Take away point: In addition to thinking about how changes to a model or algorithm affect optimization parameters like $n$, $d$, and $\kappa$, we also need to reason about how these methods interact with the capacity of the model, especially when we're training a model with a non-convex loss.

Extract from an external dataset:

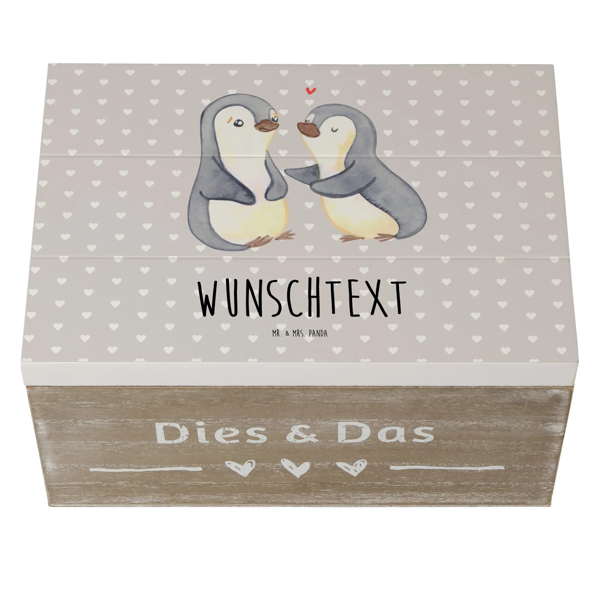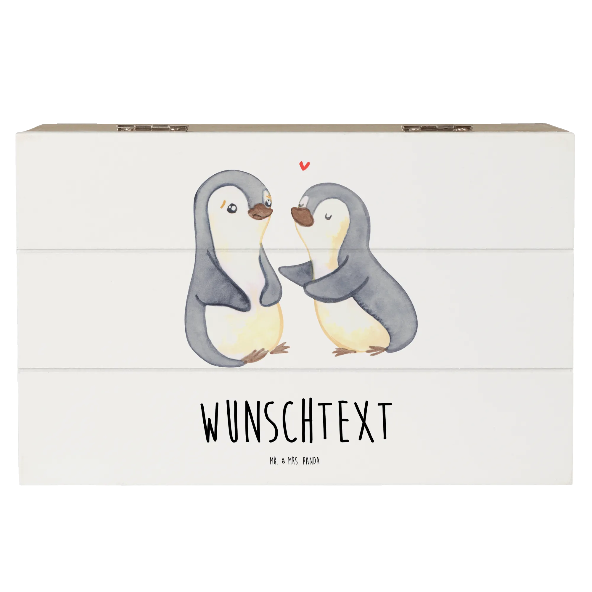Entdecke die liebevoll gestaltete personalisierte Holzkiste mit den zauberhaften Pinguinen, die Trost spenden. Diese besondere Kiste von Mr. & Mrs. Panda ist nicht nur wunderschön, sondern auch sehr praktisch. Sie bietet einen idealen Aufbewahrungsort für deine liebsten Schätze, Erinnerungen oder kleine Geschenke. Ob für den Jahrestag, den Valentinstag oder einfach so, diese Kiste ist das perfekte Liebesgeschenk. Mit ihrem einzigartigen Motiv von zwei Pinguinen, die sich zärtlich zuneigen, vermittelt sie Geborgenheit und Verbundenheit.

We saw last time that matrix multiplies form the bulk of the computational work of deep learning¶

...both for training and for inference¶

What can we do to make matrix multiplication fast?

In [13]:
N = 4096
A = torch.randn(N,N)
X = torch.randn(N,N)
Ymv = torch.zeros(N,N)
Ymm = torch.zeros(N,N)

# Y = X @ A.t()
In [14]:
start = time.time()
for i in range(N):
    # Y[i,:] = A @ X[i,:]
    torch.mv(A,X[i,:],out=Ymv[i,:])
stop = time.time()
elapsed_matvec = stop-start
print(f'took {elapsed_matvec} seconds to do {N} matrix-vector multiplies')
took 4.805057048797607 seconds to do 4096 matrix-vector multiplies
In [15]:
start = time.time()
torch.mm(X, A.t(), out=Ymm)
stop = time.time()
elapsed_matmul = stop-start
print(f'took {elapsed_matmul} seconds to do one matrix-matrix multiply')
took 0.06293106079101562 seconds to do one matrix-matrix multiply
In [16]:
# the results are basically the same! not exactly the same though...
(Ymv - Ymm).square().sum() / Ymm.square().sum()
Out[16]:
tensor(1.3464e-12)
In [17]:
print(f'speedup: {elapsed_matvec/elapsed_matmul}')
speedup: 76.3542992665333

Matrix-matrix multiply is much faster than matrix-vector multiply!¶

Let's check this effect for some operations with the same number of FLOPs.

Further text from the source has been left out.